"I've received official word from the Minister. This whole episode has been classified as a level B secret, not to be updated in the public record for fifty years. All of us involved will have to sign non-disclosure affirmations." McGonagall peers over her glasses and across her desk to Snape. She looks exhausted and old and he feels guilty and ashamed for the trouble he has caused.
"What about the boy, what's his name, Arbuckle Puddlefoot?" He says the name as if it tastes dirty in his mouth. Hufflepuffs, he thinks to himself with a snort.
McGonagall lifts her eyebrows in pleasant surprise. "Since when do you care?"
"Just tell me you're not going to let them modify the boy's memory!" He snaps.
McGonagall sighs. "They wanted to. I had to threaten to go public with the whole thing to prevent that."
Snape's shoulders sag with relief. "Good, then."
"Are you going to be able to leave our favorite student alone once she leaves Hogwarts?" McGonagall abruptly changes the subject.
"That will be entirely up to her. But, no, I expect not."
McGonagall frowns deeply, disapproval reflected in her demeanor from the pointed tip of her crooked hat down to the toes of her dainty leather boots. "Why can't you just tell her you don't want her and send her on her way? She'd get over you eventually. You aren't the only brilliant man in the world, you know. You're just the first for her."
Snape pulls a deep breath in through his abnormally large nostrils. She's not wrong, he reminds himself, and she thinks she is trying to protect Hermione. And she's loved Hermione longer and better than I have.
"First of all," Snape says softly, keeping his voice neutral, "Miss Granger called in my life debt shortly after we started working together. She made me vow to never knowingly or willingly lie to her."
McGonagall is stunned. She just stares at Snape for a few breaths. He looks at her impassively, giving her time to process the implications.
"Did she hold your oath fulfilled after you made the promise?"
"Yes," says Snape, glad McGonagall isn't slipping.
"So it was the making of the promise that fulfilled the debt, telling the truth to her now has nothing to do with it." McGonagall is thoughtful now, her thin lips slightly pursed, eyes narrowed. "Do you think she realizes this?"
"I do," says Snape. "She has obviously spent a fair bit of time researching life debts. The practice of formally invoking one is fairly outdated. In this day and age of the Wizarding world we see them play out passively. Such as it did between Potter the younger and Pettigrew."
"So why would Hermione force you to make an unenforceable promise and then release you from the debt to her? It makes no sense."
"I can't know for sure," muses Snape, "She was masking her thoughts by the time this played out. But I think the imbalance of power upset her. She was worried that the only reason I was giving her extra instruction was because I felt some sort of obligation to her. But Miss Granger was already developing a sharp intuition when it came to me. For practical purposes, the promise is binding. I can't lie to her."

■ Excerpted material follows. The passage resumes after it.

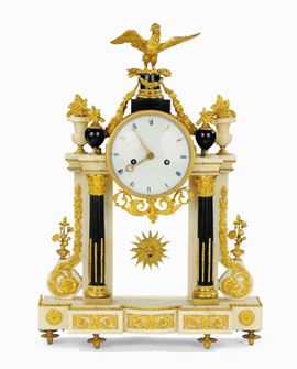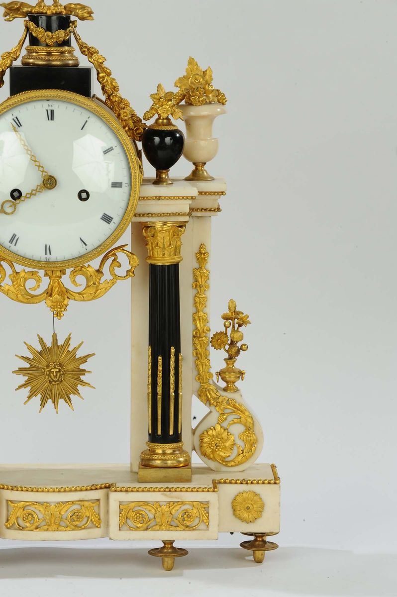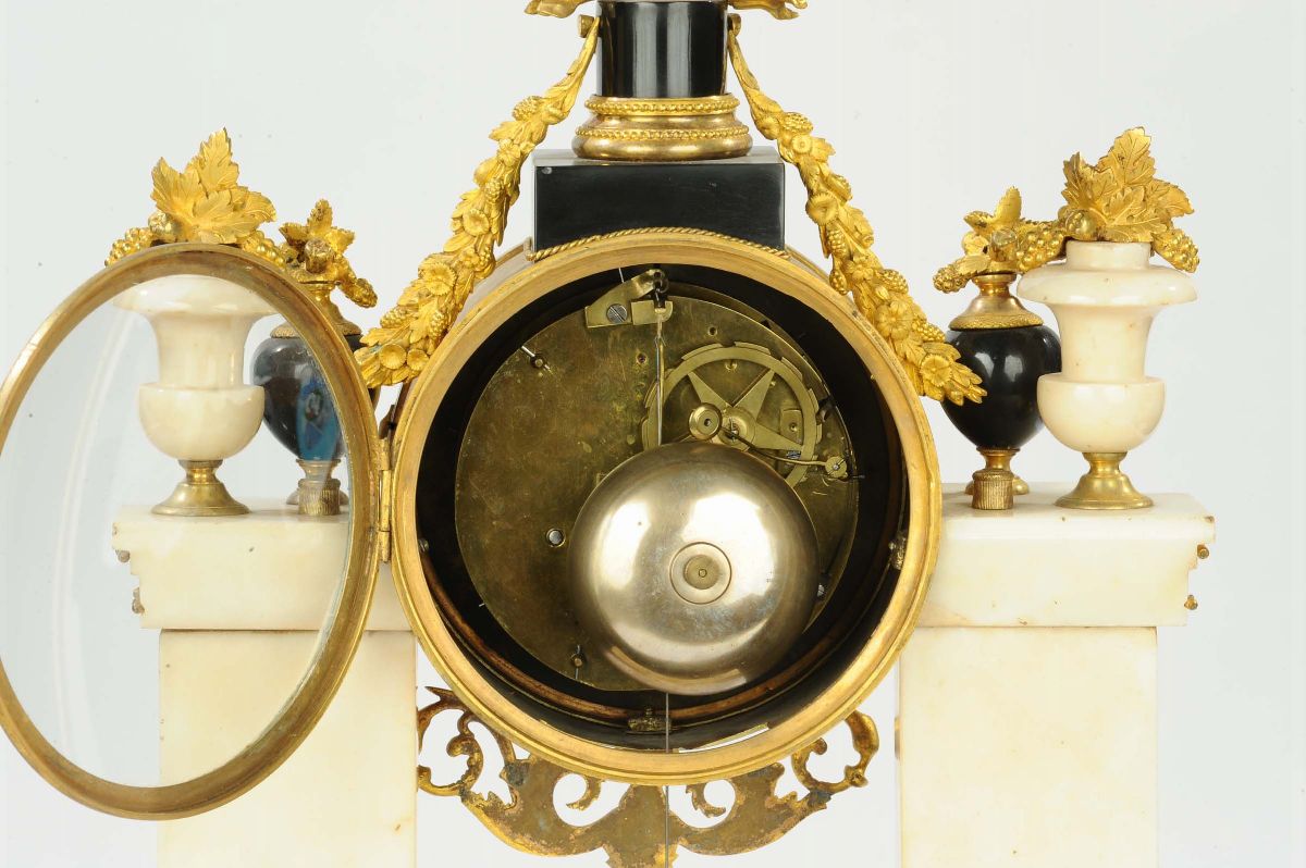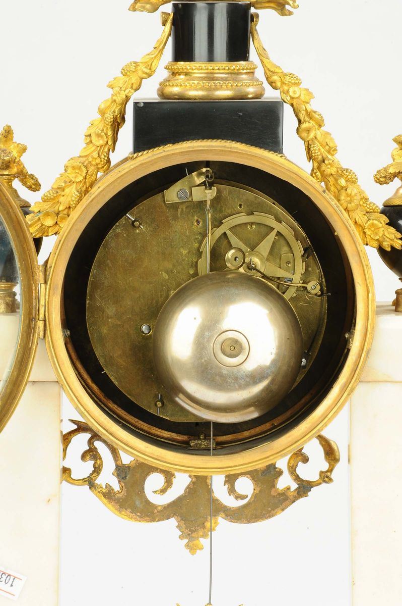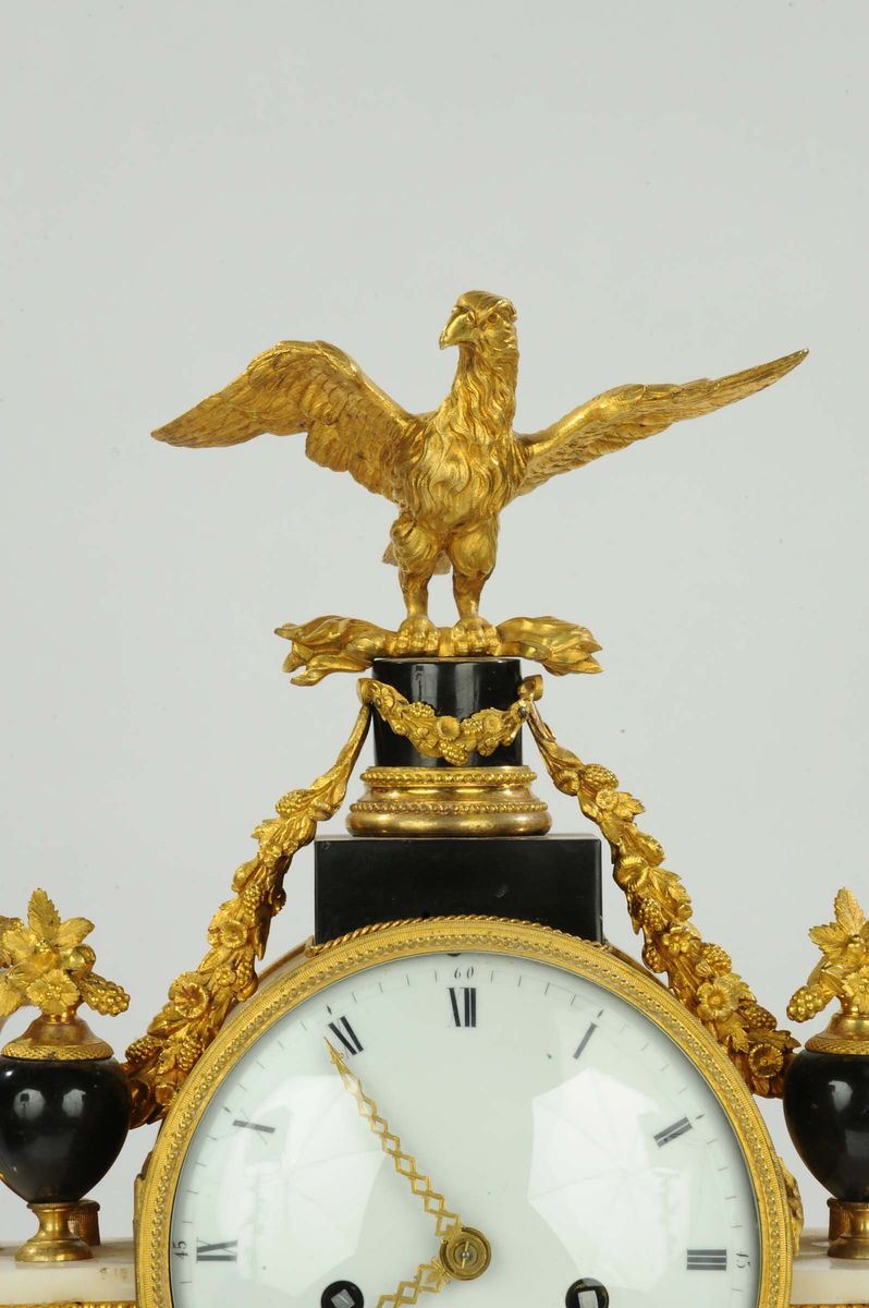 Orologio a tempietto in marmo bianco e nero arricchito con fregi in bronzo dorato e aquila sulla sommità, XVIII-XIX secol [..]

"Still," says McGonagall. "There's a thousand leagues between not lying and telling whole truth. You can still free her from this… entanglement."
"I could," Snape agrees. "But really, is an 'entanglement' with me so awful for her? I know I don't deserve her. But I can give her what she deserves.
"Miss Granger is traumatized. Her trauma has unleashed considerable darkness within her. I know you've seen it. Who better than I to teach her how to take control of it and not let it destroy her- or worse- destroy those she loves? If you could feel what I felt from her in the infirmary, the guilt over threatening you-"
"Oh, really Severus it wasn't that bad. You've said far worse to me. And I forgave you."
"She isn't guilty because she said it, Headmistress. She's guilty because she meant it." Snape pauses to let this sink in. All the light seems to go out of McGonagall as the revelation hits her.
He continues, "Miss Granger has a long road ahead of her. She is going to have to take responsibility for the darkness that takes ahold of her and keep it firmly and utterly in check for the rest of her life."
McGonagall nods softly, eyes glistening a bit.
Snape continues gently. "Is the thought really so repugnant to you? Me, being the first of what will probably be many brilliant men and women in her life? I fully intend to help her become independent and self sufficient. I will encourage her to seek out knowledge wherever she can find it. I will never hold her back from achieving greatness. And when she grows out of me I will let her go."
McGonagall sits in silent capitulation. Then, "You'll have to leave the school."
"Are you firing me, Headmistress?" Snape asks with an ironic smile, trying to lighten the mood.
"Yes," she says, reaching into a drawer in her desk. "Shall we drink to it?"
Snape nods. "I did intend on leaving, Headmistress. The school and the country if I can convince her."
McGonagall pours the drinks. "Now," she says after they raise their glasses to one another, "Help me compose a letter to Horace."
Snape sets himself to the task with goodwill.